### What the task requires
From the data below, copy exactly the lines that lie between the one holding "OpenEar Pro2,取扱説明書, USBケーブル, USBアダプター,収納ケース" and the one holding "袖口と後ろ衿にあしらったパールがさり気ない華やかさをプラス。", including both, and nothing more.

### Given records
* * * *

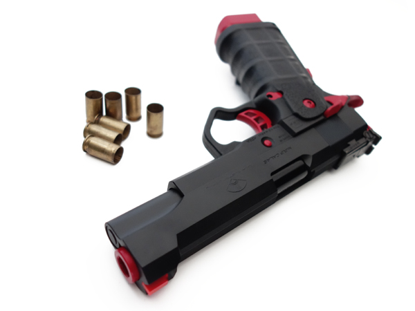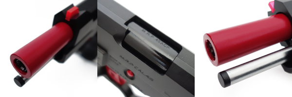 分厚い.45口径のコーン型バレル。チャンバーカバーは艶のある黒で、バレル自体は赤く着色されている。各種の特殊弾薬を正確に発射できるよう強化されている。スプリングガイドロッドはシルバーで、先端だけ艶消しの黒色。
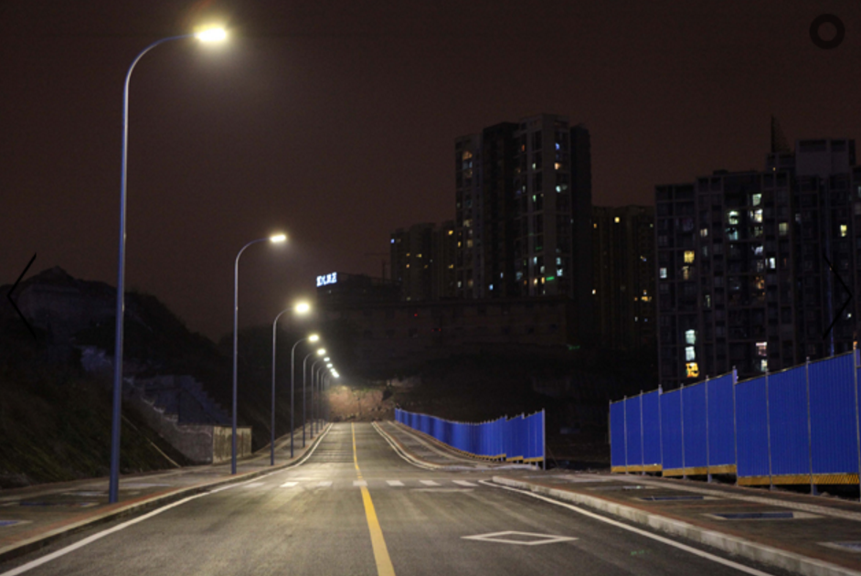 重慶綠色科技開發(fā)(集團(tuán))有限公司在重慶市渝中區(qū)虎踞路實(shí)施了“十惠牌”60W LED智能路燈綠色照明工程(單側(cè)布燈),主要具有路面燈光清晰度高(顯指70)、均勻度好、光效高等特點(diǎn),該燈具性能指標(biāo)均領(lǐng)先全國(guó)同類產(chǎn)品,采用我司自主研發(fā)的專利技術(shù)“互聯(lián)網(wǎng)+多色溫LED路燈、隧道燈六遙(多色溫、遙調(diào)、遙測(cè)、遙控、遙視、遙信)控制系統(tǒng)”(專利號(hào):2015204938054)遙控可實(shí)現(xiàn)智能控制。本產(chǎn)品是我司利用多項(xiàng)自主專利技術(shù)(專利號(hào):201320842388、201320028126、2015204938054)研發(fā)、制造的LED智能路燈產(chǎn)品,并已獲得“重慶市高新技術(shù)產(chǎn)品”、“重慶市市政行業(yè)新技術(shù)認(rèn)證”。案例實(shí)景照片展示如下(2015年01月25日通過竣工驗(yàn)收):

* * * *

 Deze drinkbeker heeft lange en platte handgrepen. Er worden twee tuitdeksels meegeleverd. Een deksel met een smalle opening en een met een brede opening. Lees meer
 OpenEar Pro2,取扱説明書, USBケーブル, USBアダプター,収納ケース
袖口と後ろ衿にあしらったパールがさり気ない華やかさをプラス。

* * * *

### Exercise result
 OpenEar Pro2,取扱説明書, USBケーブル, USBアダプター,収納ケース
袖口と後ろ衿にあしらったパールがさり気ない華やかさをプラス。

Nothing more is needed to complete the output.